• _ABOUT THIS EXERCISE_
Please write out exactly the lines from the opening of the listing through the line that holds "Beast Mighty Plus", including both, and nothing else; no pictures.

• _DATASET SECTION_
-- Opening Marker --
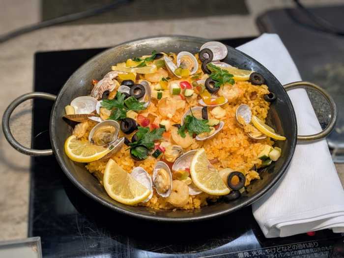魚介のスープにサフランの風味が加わり旨味がつまった「地中海風パエリア」。
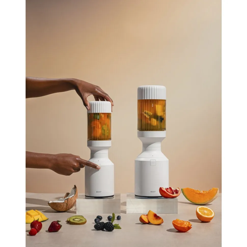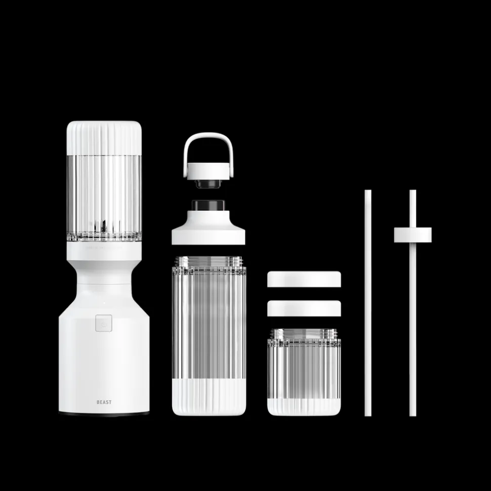 Beast Mighty Plus 850 leveres med tre blenderbeholdere (415, 638 og 786 ml), der fungerer som drikkebeholdere, når du sætter drikkelåg og sugerørshætte på og tager dem med dig på farten. Den rillede beholder giver dig et godt greb.
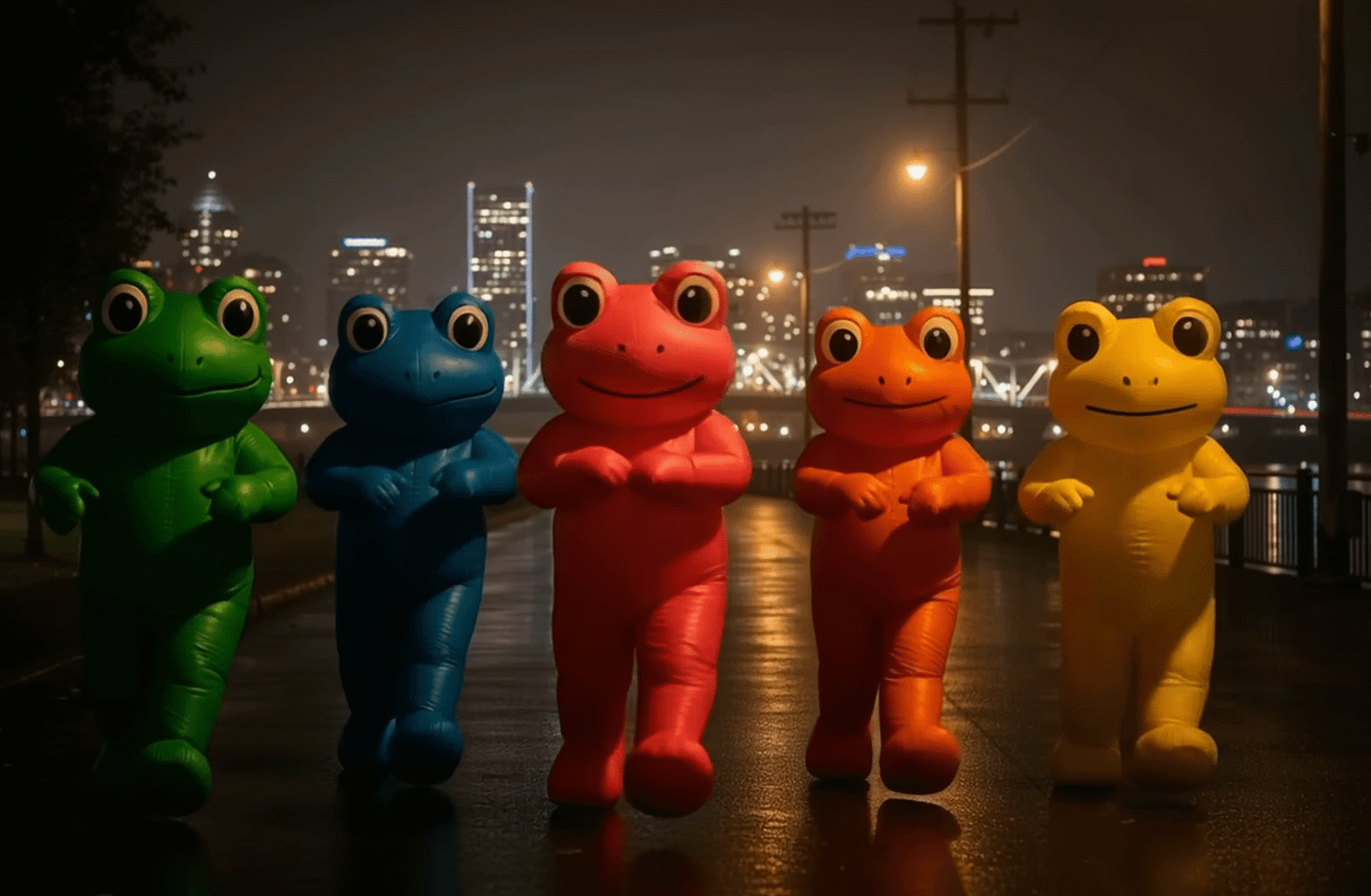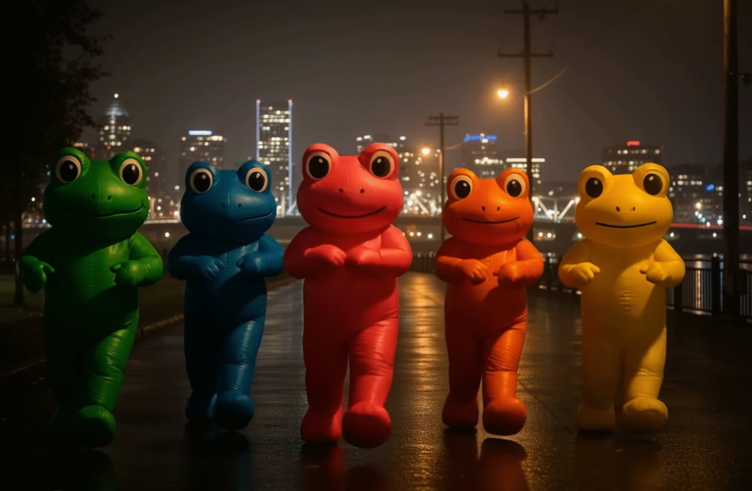 La storia comincia a Portland, in Oregon, nelle proteste contro l’Immigration and Customs Enforcement, dove a un manifestante vestito da rana gonfiabile viene spruzzato dello spray al peperoncino da un agente federale direttamente nella presa d’aria del costume. Il video diventa virale e innesca qualcosa di inaspettato: invece di scoraggiare l’idea di scendere in piazza scatena una moltiplicazione di rane, dinosauri, unicorni, polli, squali, mucche che invadono le proteste in tutto il paese.
-- Closing Marker --
• _ANSWER SECTION_
魚介のスープにサフランの風味が加わり旨味がつまった「地中海風パエリア」。
 Beast Mighty Plus 850 leveres med tre blenderbeholdere (415, 638 og 786 ml), der fungerer som drikkebeholdere, når du sætter drikkelåg og sugerørshætte på og tager dem med dig på farten. Den rillede beholder giver dig et godt greb.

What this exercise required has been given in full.